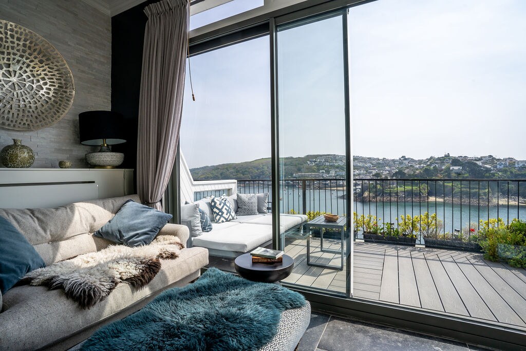 Beautifully refurbished townhouse with stunning sea views on the Esplanade in vibrant Fowey, a short walk to fabulous restaurants, shops & beach . 3 double bedrooms including luxury master bedroom with ensuite, additional family bathroom with roll top bath and shower cubicle, spacious lounge , dining room, kitchen with range cooker & dishwasher, utility room, ground flr wc. Private, furnished decked sun trap patio and paved small front and rear courtyards. Quality furniture, linen and art work
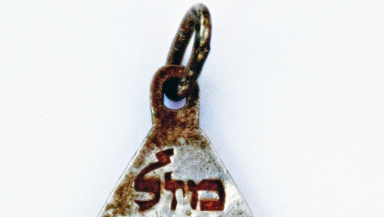 Also found was a unique pendant, probably belonging to a child from Frankfurt who was born on July 3, 1929, which bears the words "Mazal Tov" written in Hebrew on one side and on the other side the Hebrew letter "ה" (God's name) as well as three Stars of David.
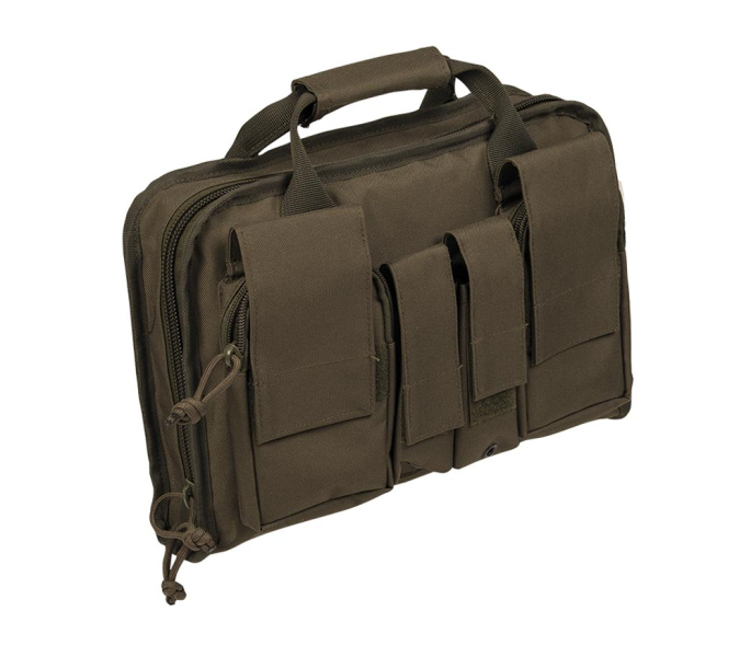 TACTICAL PISTOLEN Tasche oliv Obermaterial: 100% Polyester, Polyvinylchlorid beschichtet Futter: 100% Polyester Polsterung: EVA Schaumstoff Maße: 34 x 9 x 22 cm Gewicht: 560 g

──────

- [Task objective] Transcribe all the material exactly; skip every image.

- [Expected output]
 Beautifully refurbished townhouse with stunning sea views on the Esplanade in vibrant Fowey, a short walk to fabulous restaurants, shops & beach . 3 double bedrooms including luxury master bedroom with ensuite, additional family bathroom with roll top bath and shower cubicle, spacious lounge , dining room, kitchen with range cooker & dishwasher, utility room, ground flr wc. Private, furnished decked sun trap patio and paved small front and rear courtyards. Quality furniture, linen and art work
 Also found was a unique pendant, probably belonging to a child from Frankfurt who was born on July 3, 1929, which bears the words "Mazal Tov" written in Hebrew on one side and on the other side the Hebrew letter "ה" (God's name) as well as three Stars of David.
 TACTICAL PISTOLEN Tasche oliv Obermaterial: 100% Polyester, Polyvinylchlorid beschichtet Futter: 100% Polyester Polsterung: EVA Schaumstoff Maße: 34 x 9 x 22 cm Gewicht: 560 g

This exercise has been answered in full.